Published online by Cambridge University Press: 14 November 2023
Abstract
This chapter explores the relationship between Cardinal Hugo/Gregory IX and Joachim of Fiore and the Florensian Order. It first explores the influence of Joachite thought, particularly concerning the Apocalypse, on the Curia and the wider world of the early thirteenth century. It then examines the part played by Joachim's great confidant, Rainier of Ponza, and Joseph of Fiore, who was closely tied to the Curia, in developing the thought of Hugo/Gregory concerning the part of new religious movements in a new eschatological stage of history. It closes with a thorough examination of the symbolism of the canonization letter of Dominic where the Cistercians and the Florensians together, as the white Quadriga, signify the coming of the Last Age.

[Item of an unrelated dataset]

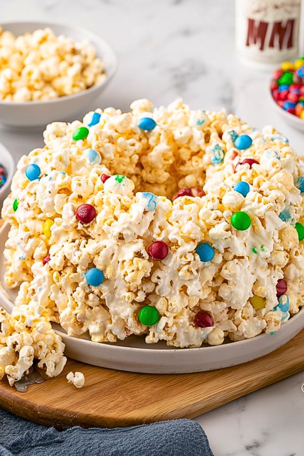 Let the mixture cool for a minute or two so the M&M’s don’t melt. Then fold in the M&M’s gently so they’re evenly distributed throughout the popcorn.

Keywords: Joachim of Fiore, Dominicans, Franciscans, Apocalypse, Antichrist
The Pope and … who?
Pope Gregory IX, formerly Cardinal Hugo of Ostia, was known to hold in great esteem the Calabrian abbot Joachim of Fiore (d. 1202) and the Florensian order, which Joachim founded. Gregory's first modern biographer, Joseph Felten, writes of his role in the history of the mendicant orders and his multidimensional contest with his antagonist Frederick II of Hohenstaufen as the two main characteristics of Gregory's pontificate. In both thematic strands, Joachim of Fiore and his legacy were crucial, and without him, his thought and its reception, the history of the rise of the Franciscans and Dominicans and the antagonism between imperial court and Curia in the first half of the thirteenth century would have concluded differently. Throughout his career as cardinal and later as pope, Hugo or Gregory favoured the Florensian order. In a famous letter of the year 1234, he even placed the Florensians on a par with Cistercians, Dominicans, and Franciscans. At first sight this might come as a surprise, given the widespread and long lasting influence that both the Cistercians and the mendicant orders were to enjoy across the centuries, while Joachim's order appears to have faded within his own lifetime, even though his thought and work was to have a lasting impact on the history of medieval, early modern and modern thought. Apart from its founder, almost no members of the medieval Florensian order are known by name and none were in any way particularly prominent either spiritually or intellectually.